Майкл продолжал смотреть упрямо на Саймона. Он не был с ним в Сионвиле. Он не видел, с какой легкостью синистерские интервенты застрелили охранника Престона, который, в противном случае, застрелил бы его, Майкла. Майкл сам удивлялся тому факту, что успешная кража не подстегнула его совершать новые, а наоборот, только укрепила в страхе не повторять этого вновь.

— Ты же проснулся таким беспечным, Майк. — Редко когда в серых глазах Саймона можно было увидеть тревогу — это как раз один из тех случаев. — Почему ты опять приуныл? Мало принял контраслипов? Или что-то еще?

«Что-то еще» — про себя ответил Майкл и подумал о ней.

Но…

Он ощутил противное движение внизу своей шеи, схожее с изжогой. Теперь его, в самом деле, тошнило от любви к ней.

Унылое говно, собирающееся воровать черепа — вот кто он такой… Вряд ли у нормальных грабителей такой настрой перед кражами.

В прошлый раз он бездумно украл, чтобы доказать ей, что он что-то значит.

В этот раз он будет бездумно грабить, чтобы доказать себе, что она для него ничего не значит.

— Пойдем, — сухо сказал Майкл и указал на дверь. — Едем в Кенинг Хор. Ищем подземные склепы. Грабим гробовщиков. Обналичиваем кости и упарываемся в говно.

Брови Саймона поползли вверх — он явно удивился тому факту, что Майкл так внезапно передумал, но через мгновение его брови заняли обычное, беспристрастное место, а губы растянулись в улыбке.

— Вот, другое дело. — Он поднял большой палец вверх, взял с подоконника рукоять золотого пистолета и запихнул себе в карман. — Здравый смысл толкает нас на безумные поступки, Майки. Наш злой рассудок уничтожит тщеславие гробовщиков. Мы будем таинственными героями для гриверской черни. Станем неуловимее, чем сам Грезоносец. Будем страшным сном для богачей-политиканов.

Он засунул в рот сигарету, забыл ее поджечь и добавил:

— Злой рассудок уничтожит разожравшуюся глупость. Здравый смысл всегда побеждает.

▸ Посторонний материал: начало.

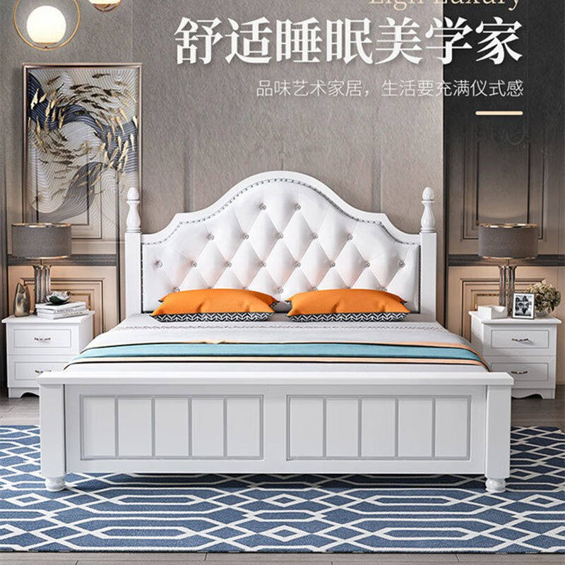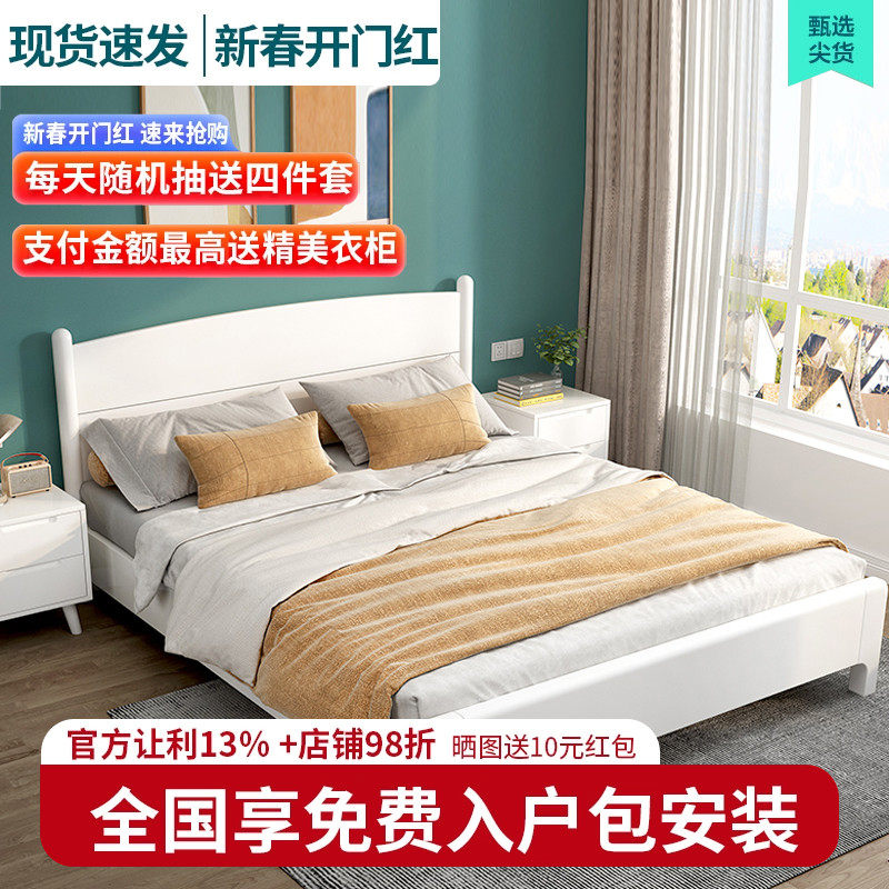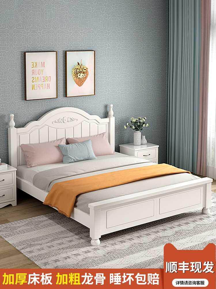 北欧现代简约实木床1.8m双人床主卧轻奢小户型白色1.5m松木单人床

«Здравый смысл обязательно победит» — обреченно думал Майкл, закрывая за собой дверь номера. Он поджег сигарету Саймона, поджег свою сигарету, размышляя, поможет ли его согласие сделать то, в чем он до конца не был уверен, потушить тот пожар в груди, который, увы, угасать пока не собирался.

**************

Они надеялись, что их поездка обойдется без ядовитой пыли — потому что в случае ее появления и беспрестанного вращения в сырых ветряных порывах, кому-то из них грозит перспектива задержать дыхание на час, а то и на два. Этого нельзя было допустить — у них был один противогаз на двоих.

Но…

Майкл не волновался по поводу своей безопасности. Любовь игнорируется, поэтому злоба в его организме нарастает и не оставляет места для пустых волнений. Он выжал газ на Апексе до предела, заставил его дреды полыхать в зябком полумраке, а себя заставил пересмотреть свое отношение к тому, о чем думал постоянно, к тому, что делало его слабым, прежде всего, перед самим собой. Эта поездка была вдохновляющей — вдохновляющей по-мрачному, заставляющей смотреть по-новому на давно обдуманные вещи.

Он убедил себя, что мысли, переплетенные со связанными с ней чувствами, растворятся после успешного ограбления.

Редкие звезды то появлялись, то скрывались в синеватом водовороте туч…

Он был уверен, что кража черепов, олицетворяющая его цинизм, уничтожит последнюю сакральную вещь в его душе.

Осколки былой цивилизации серебрились в лунном свете…

Он убедил себя, что его душа превратится в холодный камень, сквозь который не пробьется ни одна роза…

Сзади пронеслась струйка дыма — Саймон, его верный ориентир, давно превратившийся в холодный камень, курил и явно ни о чем не волновался — расчет в безрассудстве позволял ему парить над этим миром и использовать его пошлые страсти исключительно себе в угоду.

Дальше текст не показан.